Birkaç istisna dışında, tüm zamanların ve halkların insanları yaşam hakkında oldukça olumsuz konuştular, Hayat acı çekiyor (Buddha: Schopenhauer, vb.); hayat bir rüyadır (Platon, Pascal); hayat kötülüğün uçurumudur (Antik Mısır); "Hayat bir mücadeledir ve yabancı bir ülkede dolaşmaktır" (Marcus Aurelius); "Hayat, bir aptal tarafından anlatılan, gürültü ve öfke dolu, ama anlamsız bir aptalın hikayesidir" (Shakespeare); "Bütün insan yaşamı derinden gerçek olmayana gömülüdür" (Nietzsche), vb.

"Hayat bir kuruştur" gibi farklı halkların atasözleri ve sözleri aynı şeyden bahseder. Ortega y Gasset insanı ne bir beden ne de bir ruh olarak değil, özellikle bir insan dramı olarak tanımlamıştır. Gerçekten de bu anlamda her insanın hayatı dramatik ve trajiktir: Hayat ne kadar başarılı olursa olsun, ne kadar uzun olursa olsun, sonu kaçınılmazdır. Yunan bilge Epikuros şöyle demiştir: "Ölümün bizimle hiçbir ilgisi olmadığı fikrine kendinizi alıştırın. Biz varken ölüm henüz yoktur ve ölüm varken biz yokuz."

Ölüm ve potansiyel ölümsüzlük, felsefi zihin için en güçlü cezbedicidir, çünkü yaşamımızın tüm meseleleri, öyle ya da böyle, ebedi ile orantılı olmalıdır. İnsan, yaşam ve ölüm hakkında düşünmeye mahkumdur ve bu, onun ölümlü olan, ancak bundan haberi olmayan hayvandan farkıdır. Genel olarak ölüm, biyolojik sistemin karmaşıklığının bir intikamıdır. Tek hücreli pratikte ölümsüzdür ve amip bu anlamda mutlu bir yaratıktır.

Bir organizma çok hücreli hale geldiğinde, gelişimin belirli bir aşamasında, genomla ilişkili bir kendi kendini yok etme mekanizması, olduğu gibi onun içine yerleştirilmiştir.

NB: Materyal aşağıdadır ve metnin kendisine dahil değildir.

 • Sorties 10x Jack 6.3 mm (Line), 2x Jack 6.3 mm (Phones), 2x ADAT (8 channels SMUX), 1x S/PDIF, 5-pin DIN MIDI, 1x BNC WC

Yüzyıllardır, insanlığın en iyi beyinleri, en azından teorik olarak, bu tezi çürütmeye, kanıtlamaya ve ardından gerçek ölümsüzlüğü hayata geçirmeye çalışıyor. Ancak böyle bir ölümsüzlüğün ideali bir amipin varlığı ya da daha iyi bir dünyada meleksi bir yaşam değildir. Bu bakış açısına göre, bir insan sonsuza kadar yaşamalı, sürekli bir hayatın başlangıcında olmalıdır. İnsan, hayatın tüm hızıyla devam ettiği bu muhteşem dünyadan ayrılmak zorunda kalacağı gerçeğini kabul edemez. Evrenin bu görkemli resminin ebedi bir izleyicisi olmak, İncil peygamberleri gibi "günlerin doygunluğunu" yaşamamak - daha çekici bir şey olabilir mi?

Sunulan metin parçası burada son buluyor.